Ryland Group Inc., the homebuilding company, reported yesterday that it will take a pretax fourth-quarter charge of $13 million because of problems with two housing developments in California.
Nevertheless, the Columbia-based company said that it expects be profitable in the fourth quarter, as well as for the full year -- mainly because of the strength of its mortgage-related financial services segment.
"We anticipate a profit for the full year, but results will be well below our previous expectations due to these necessary reserves," Roger W. Schipke, chairman and chief executive officer, said in a statement.
Mr. Schipke said that "the trends in California and the drastic drop in national consumer confidence levels continue to pose further uncertainties" for the company and the housing industry as a whole.
For the fourth quarter, Ryland will reserve $10 million to cover an investment in a retirement community between Los Angeles and San Diego where the company and its joint-venture partner, a California savings and loan, have been building homes for the past three years.
A soil crack was recently discovered in the community, known as California Oaks, where Ryland was planning to build more homes. In an interview, Mr.
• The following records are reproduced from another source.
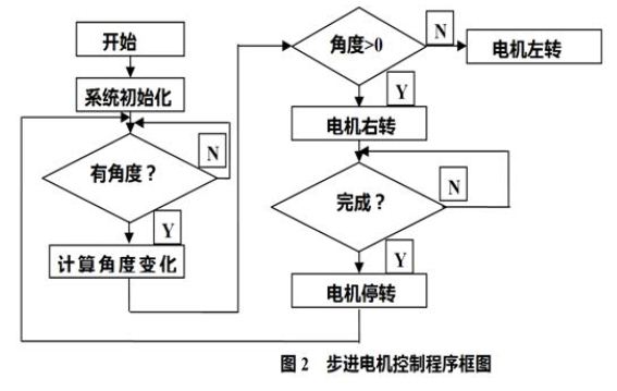 本设计采用的是对步距角进行8细分。每发出一个脉冲,电机走一步,转过的角度为1.8°/8,即0.225°,电机转一圈需要1600个脉冲。步进电机的方向由ARM的一个IO口控制,并且利用两个发光二极管来表示其正反转。电机方向控制分3种方式:左转、右转和自锁。当偏差≤0.003,即角度变化不到0.225°,步进不到一步时,控制步进电机处于自锁状态;当偏差>0.003时,电机右转;当偏差<0.003时,电机左转。
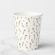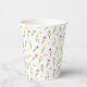 Tulips and butterflies white pattern paper cups. Design features pink, yellow and orange tulips on a white background. Pink and yellow butterflies frolic around the tulips, enhancing the joyful aesthetic with a whimsical touch!
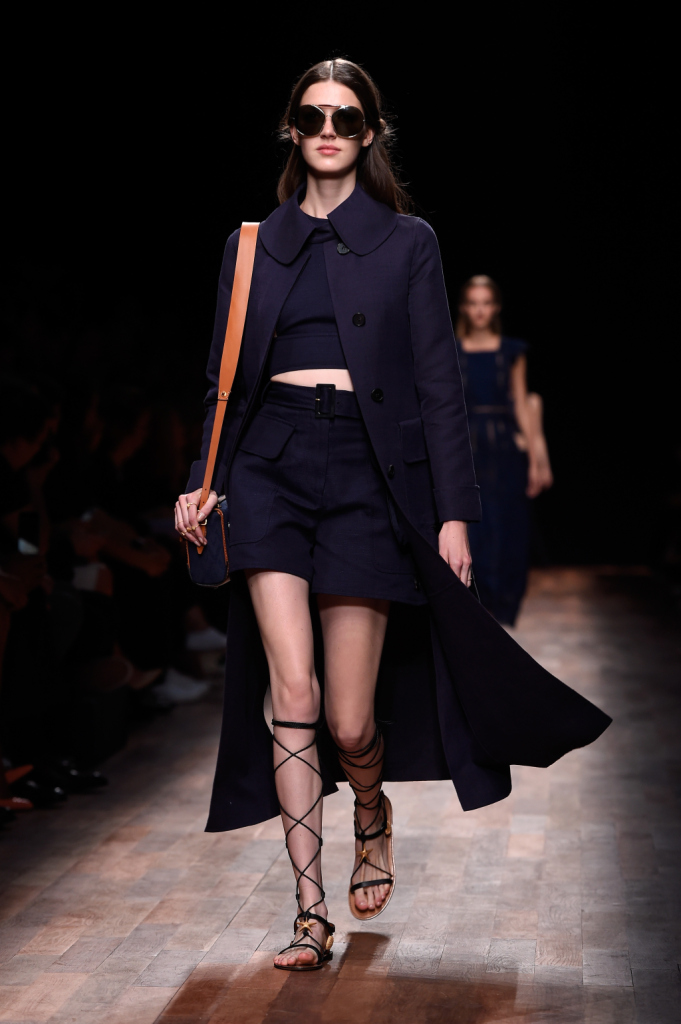 Valentino, PFW, collezione Primavera-Estate 2015: shorts a vita alta e top tagliato, maxi cappotto lungo in blu navy
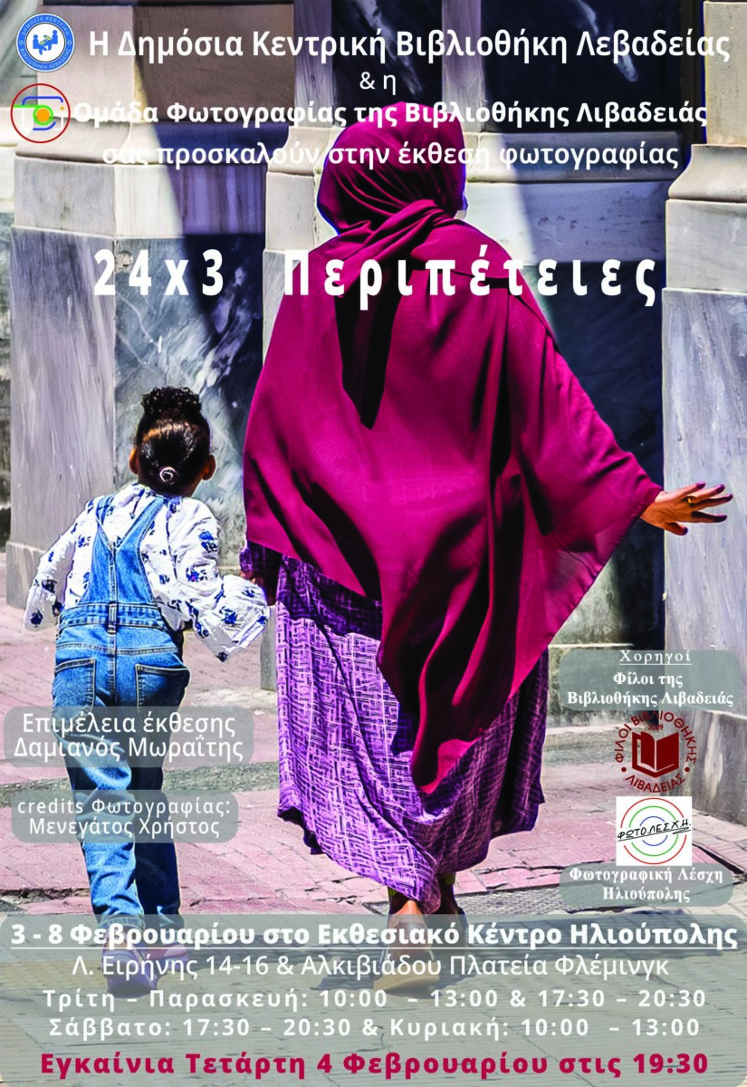 Η Δημόσια Κεντρική Βιβλιοθήκη Λεβαδείας και η Ομάδα Φωτογραφίας της Βιβλιοθήκης Λιβαδειάς, σας προσκαλούν στην Έκθεση Φωτογραφίας με τίτλο «24×3 Περιπέτειες», που διοργανώνεται, στο Εκθεσιακό Κέντρο Ηλιούπολης, με την υποστήριξη του συλλόγου «Φίλοι της Βιβλιοθήκης Λιβαδειάς» και της «Φωτογραφικής Λέσχης Ηλιούπολης».
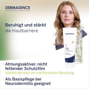 Parfümfreie Pflege für trockene bis sehr trockene, raue und schuppige Haut. Die Pflege ahmt das natürliche Sebum der Haut nach, um die Hautbarriere zu stärken. Für eine glattere und weniger raue Haut. Zusätzlich erzeugt die Pflege einen angenehmen, atmungsaktiven und nicht fettenden Schutzfilm, der die Haut vor mechanischen Belastungen schützt. Die Pflege enthält auch Bisabolol, das die Haut beruhigt und Spannungsgefühle nimmt. Diese Pflege ist besonders geeignet im Rahmen einer Intervallbehandlung bei Neurodermitis und kann auch für Kinder ab 3 Jahren verwendet werden. Die Creme ist dermatologisch getestet und zieht sofort ein, was sie auch ideal für empfindliche Kinderhaut macht.
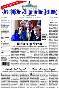 Unseren neuen Lesern dürfen wir die Zeitung kurz vorstellen. Seit fast 60 Jahren steht die Preußische Allgemeine Zeitung für Qualitätsjournalismus der besonderen Art. Die preußischen Tugenden, die unser Land groß gemacht haben, werden von uns noch gepflegt. Wir stehen für einen aufgeklärten Patriotismus, konservative Werte und einen kühlen Blick für das Wesentliche. Preußisch eben! Die Preußische Allgemeine ist aus dem „Ostpreußenblatt“ hervorgegangen, das als Innenteil fortbesteht und fester Bestandteil der Zeitung ist. Diese Zeitung hat gleichsam „Ostpreußen in den Genen“ und bekennt sich stolz dazu! Vor allem aber berichten wir aus konservativer Sicht über Innen- und Außenpolitik, Wirtschaft und Kultur, Medien und über nahezu alle aktuellen Fragen. Weniger Beachtung schenken wir den Themen Klatsch und Tratsch, dem Sport und der Katastrophenberichterstattung. Das überlassen wir der Boulevardpresse und all den anderen Zeitungen, die sich diesen für die Zukunft unseres Landes nicht entscheidenden Fragen immer intensiver widmen. Das journalistische Angebot für konservativ denkende Menschen ist in Deutschland dünn geworden. Viele Blätter haben sich in Themenauswahl und Bewertungen einem linksliberalen Zeitgeist angepasst. Immer mehr große Zukunftsthemen – von der Familien- über die Europapolitik bis zu einer Geschichtsschreibung, die den Nationalsozialismus nicht für den Dreh- und Angelpunkt der deutschen Geschichte hält – haben daher kaum mehr ein publizistisches Forum, das alle Facetten in den Blick nimmt. Die Preußische Allgemeine Zeitung setzt dem etwas entgegen, und unsere Freunde schätzen uns als womöglich eine der letzten gediegen-konservativen Wochenzeitung Deutschlands. Verehrte neue Leser! Wir laden Sie ein, sich nun selbst ein Urteil zu bilden. Wenn wir Ihr Interesse geweckt haben, so finden Sie auf unserer Internetseite www.preussische-allgemeine.de alle weiteren Informationen einschließlich des Angebots zum kostenlosen vierwöchigen Probebezug „frei Haus“. Willkommen bei der PAZ!
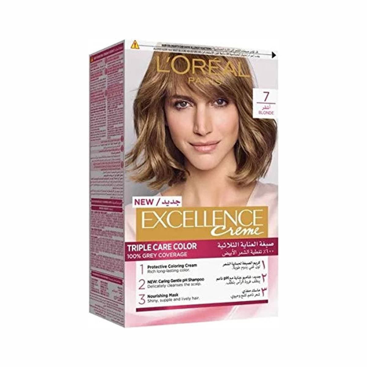 L’Oréal Paris Excellence Crème Triple Care Hair Color – 7 Blonde delivers a natural, luminous blonde shade with advanced care for your hair and scalp. Powered by the Triple Care Colour Ritual, this hair dye protects before, during, and after coloring to ensure rich, long-lasting results.
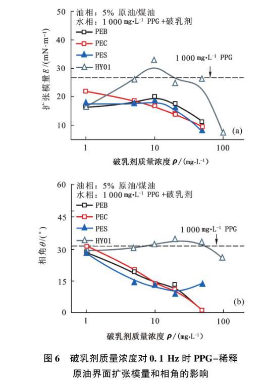 考察了固定破乳劑質(zhì)量濃度為10 mg/L時(shí),不同質(zhì)量濃度PPG-稀釋原油界面膜的擴(kuò)張流變性質(zhì),結(jié)果見(jiàn)圖8??梢钥闯觯瑢?duì)于不同質(zhì)量濃度的PPG界面膜,10 mg/L的3種非離子破乳劑均能大幅度降低擴(kuò)張模量,有效地破壞界面膜強(qiáng)度,星型聚合物PES對(duì)于高質(zhì)量濃度的PPG界面膜效果更佳,這與PES超強(qiáng)的頂替能力有關(guān)。對(duì)于反相破乳劑HY01,當(dāng)PPG質(zhì)量濃度較低時(shí),由于無(wú)法形成亞層結(jié)構(gòu),HY01對(duì)模量具有一定的降低效果,當(dāng)PPG質(zhì)量濃度較高時(shí),對(duì)于高模量、高強(qiáng)度的界面膜,HY01分子與PPG分子形成的界面亞層反而對(duì)模量和膜強(qiáng)度具有增效作用。PPG質(zhì)量濃度的影響趨勢(shì)也可以通過(guò)圖7所示的機(jī)制加以解釋。

Schipke said that the company is concerned that the land it purchased for the development there may require substantial regrading because of "soil instability."
Mr. Schipke also said that continuing weak market conditions in the Palm Springs area have led to the decision not to continue with a second phase of another joint venture in Southern California, resulting in an additional $3 million charge. "The Palm Springs market is very slow right now," Mr. Schipke said.
Ryland had planned to build homes on 250 lots in the community, he explained. But the company has decided not to build on 150 of the lots and will have to pay the seller a fee for not exercising its option to purchase the lots, he said.
This year will go down in the record books as "the worst building year since 1945," Mr. Schipke said. While housing inventory is plentiful and mortgage rates are low, he noted, confidence in the economy has fallen to a low level and "consumers just aren't buying."
Ryland's financial services business has been strong. It has benefited from the surge in mortgage refinancing, has expanded its mortgage servicing business and is administering mortgage-backed securities for Wall Street firms, Mr. Schipke noted.